Gabe’s brain registered two things simultaneously. First, there was no way in hell she was ever going to save that horse by herself. Maybe no one could. Second, he’d seen the woman a mere four hours earlier at the funeral. She’d sat in the rear pew of the crowded church next to her father, Theo McGraw, Gabe’s father’s rival.
“Hang on.” Gabe jumped off Bonita and, leading the mare, approached Reese McGraw. “Got yourself in a fix here.”
“I missed the hole. It was covered with twigs and dead leaves.”
Sinkholes weren’t uncommon in the desert, especially after heavy rains, though they were generally larger. This particular hazard was deceptively small, measuring three and a half feet at its widest point, and easy to miss.
“It happens,” he said matter-of-factly.
“Can you help me get him out?”
“I’ll try.”
She swallowed, and Gabe noticed the dried streaks on her cheeks. Had she been crying or was the cold wind responsible for her tears?
“Are you hurt?”
“No.” She shook her head, and a hank of shoulder-length strawberry blond hair loosened from its clip. As if sensing his gaze, she said, “I lost my hat when I bailed off.”
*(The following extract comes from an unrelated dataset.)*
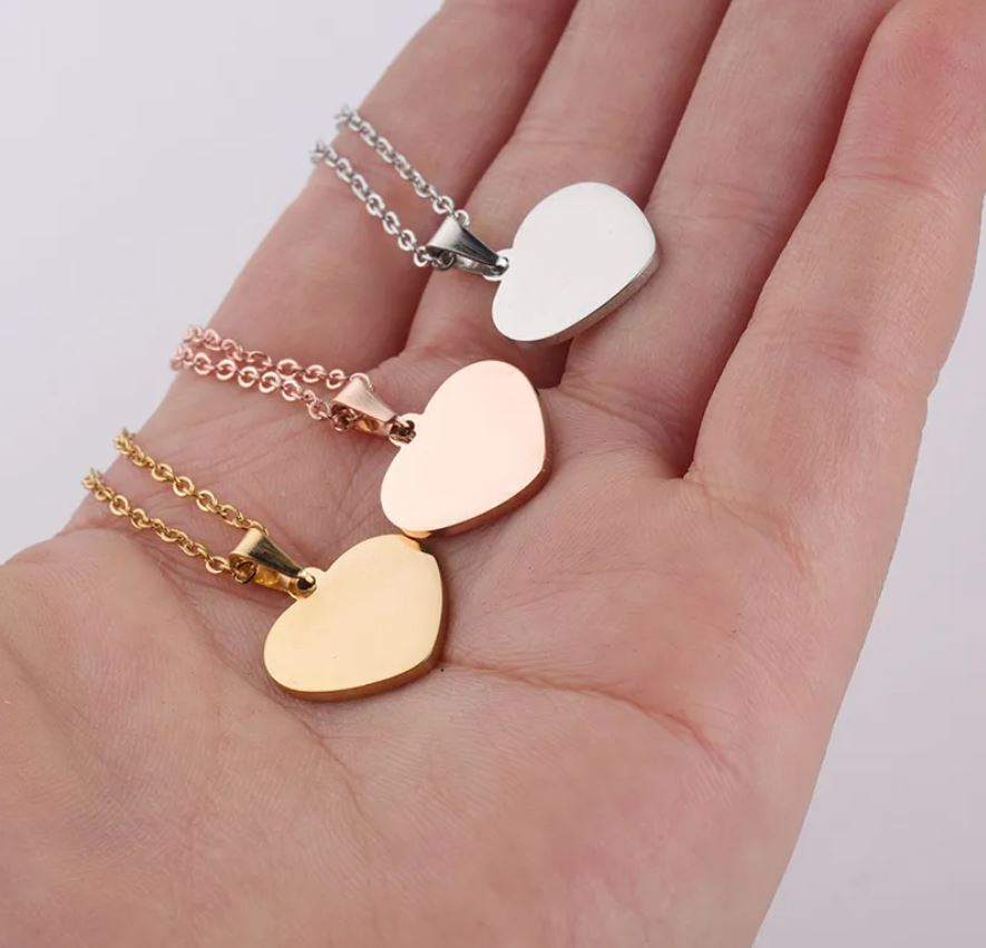 Expresa tu amor de manera única con este delicado dije de corazón en acero inoxidable. Su diseño pequeño y elegante lo hace perfecto para personalizar con un grabado especial que guarde tus momentos más preciosos.

“We’ll find it later.” The hat didn’t matter. He was simply trying to calm her. She’d need all her strength for the ordeal ahead, along with her concentration.
She continued tugging on the reins, which the confused horse fought, jerking his big head to the side rather than using the added momentum to hoist himself out of the hole.
“Take it easy,” Gabe said.
“I can’t. If I do, he’ll sink deeper.”
“No, he won’t. Trust me.” Gabe put up a restraining hand. “Hold steady, but don’t pull. Not yet. Wait until I tell you to.”